In fourth grade my family lived in Holly Park, which is part of the Seattle Housing Authority. We just called it “the projects.” Mom, a high school drop out, was recently divorced, had no job and four little kids. We were really poor and didn’t mind — except we had to eat powdered milk on the commodity oatmeal for breakfast every morning.

At Holly Park, we had tons of other kids to play with and learned all kinds of new things. For instance, the grandma lady who lived next door was our “proxy” grandma. We learned what “proxy” meant and enjoyed her company as she enjoyed ours.

One of our neighbors and my best friend was Tonya. I loved Tonya’s sense of humor, her no nonsense style, and the way she could climb those jungle gyms. She taught me some great jungle gym tricks.

Tonya’s mom would iron Tonya’s hair in the morning to straighten it. My sister and I would beg Tonya’s mom to iron our hair too. We liked it because it made our hair warm. She’d just laugh at us and iron our straight hair too. She was a lovely and loving person.

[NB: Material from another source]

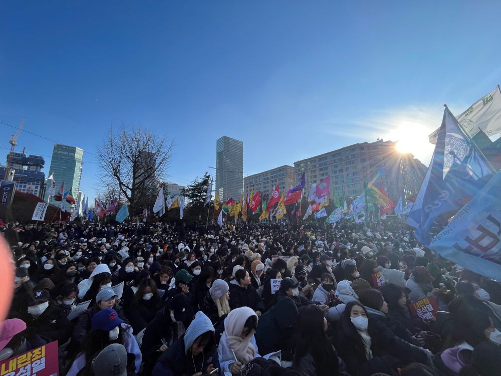 Tens of thousands of protesters gathering near the National Assembly to protest against President Yoon Suk-Yeo.

Tonya’s brother, Mike was older than us and he was a complete mystery. He had a basketball in his hands at all times and tell us frequently while bouncing it, “I’m gonna be a pro.” We had NO IDEA ON EARTH what he was talking about. We earnestly tried to find out what a “pro” was. We even asked adults, but out of context, they had no idea what we were talking about either. You have to remember this was in the 1960’s; professional sports wasn’t the big business it is today — well, not that we were aware of anyway.

Years later I realized Mike wanted to be a , to make good money and to have respect. He wanted to be good at something and to be known for it. So he practiced hard.

I started thinking that maybe we should encourage all of our young kids to become a pro. Professionals at something — anything! It would encourage them to work hard on their dream career, practice, maybe go to college or a trade school that they hadn’t considered before. To shoot a little higher (pardon the basketball pun) for a larger goal.

I had no idea what I would do with my life when I was in fourth grade, but I’m proud because I became a pro in my field. I sincerely hope and pray that Mike became a pro too. I wish all of our kids could grow up to be pros, earn the money they want and get the respect they’ve dreamed of.